Source records
────────────────────────────────────────

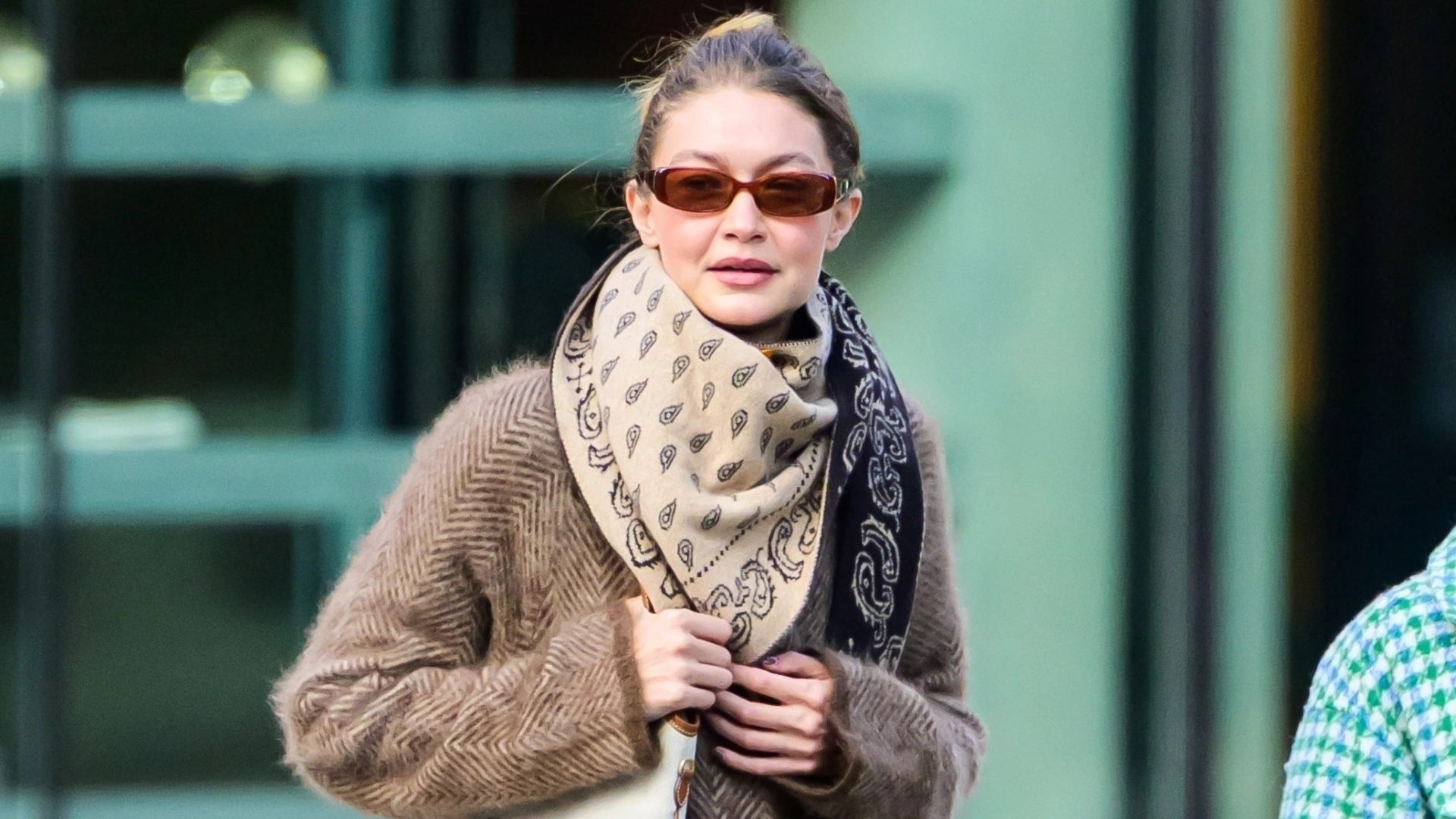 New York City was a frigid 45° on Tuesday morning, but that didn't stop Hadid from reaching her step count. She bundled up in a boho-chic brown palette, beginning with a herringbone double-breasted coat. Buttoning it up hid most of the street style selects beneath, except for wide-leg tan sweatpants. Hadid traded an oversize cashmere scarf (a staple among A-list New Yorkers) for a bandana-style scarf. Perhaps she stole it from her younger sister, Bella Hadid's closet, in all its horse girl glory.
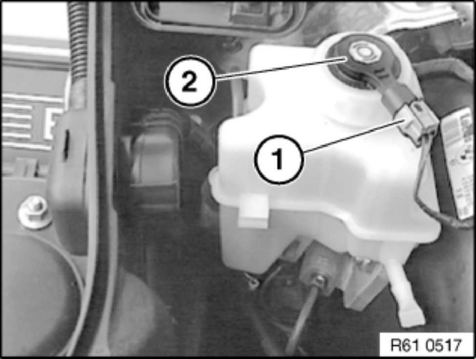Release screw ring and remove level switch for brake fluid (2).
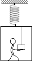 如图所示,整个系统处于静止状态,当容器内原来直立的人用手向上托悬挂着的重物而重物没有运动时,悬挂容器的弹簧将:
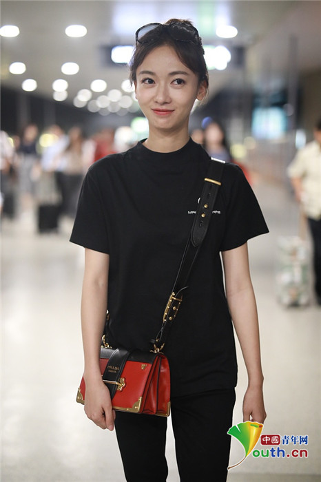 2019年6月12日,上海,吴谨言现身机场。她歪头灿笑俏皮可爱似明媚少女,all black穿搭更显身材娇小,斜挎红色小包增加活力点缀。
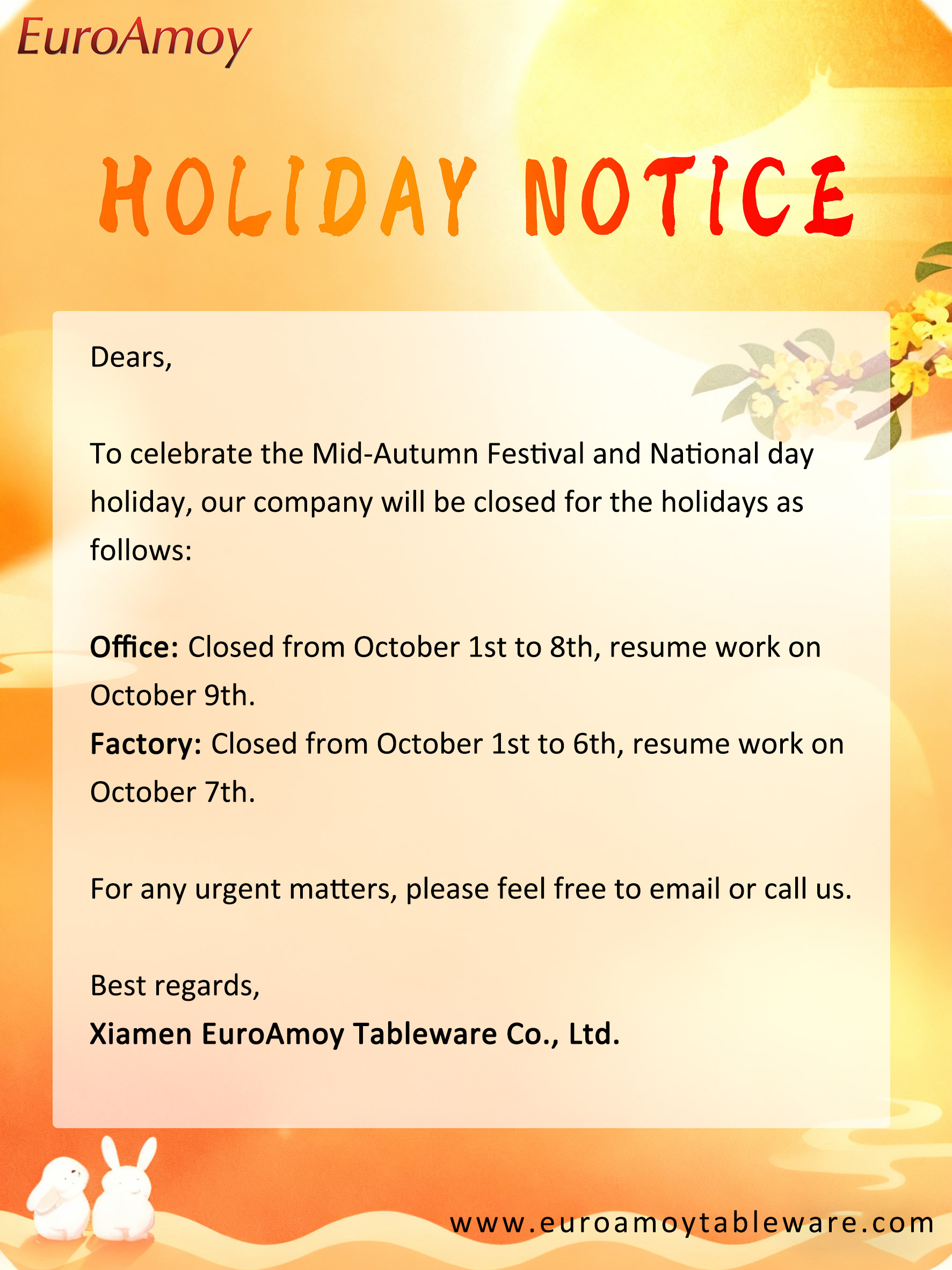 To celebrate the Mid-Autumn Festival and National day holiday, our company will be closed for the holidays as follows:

────────────────────────────────────────

Exact copy, no pictures: set down all the entries again as they stand.

• _RESPONSE FOR THIS EXERCISE_
 New York City was a frigid 45° on Tuesday morning, but that didn't stop Hadid from reaching her step count. She bundled up in a boho-chic brown palette, beginning with a herringbone double-breasted coat. Buttoning it up hid most of the street style selects beneath, except for wide-leg tan sweatpants. Hadid traded an oversize cashmere scarf (a staple among A-list New Yorkers) for a bandana-style scarf. Perhaps she stole it from her younger sister, Bella Hadid's closet, in all its horse girl glory.
Release screw ring and remove level switch for brake fluid (2).
 如图所示,整个系统处于静止状态,当容器内原来直立的人用手向上托悬挂着的重物而重物没有运动时,悬挂容器的弹簧将:
 2019年6月12日,上海,吴谨言现身机场。她歪头灿笑俏皮可爱似明媚少女,all black穿搭更显身材娇小,斜挎红色小包增加活力点缀。
 To celebrate the Mid-Autumn Festival and National day holiday, our company will be closed for the holidays as follows:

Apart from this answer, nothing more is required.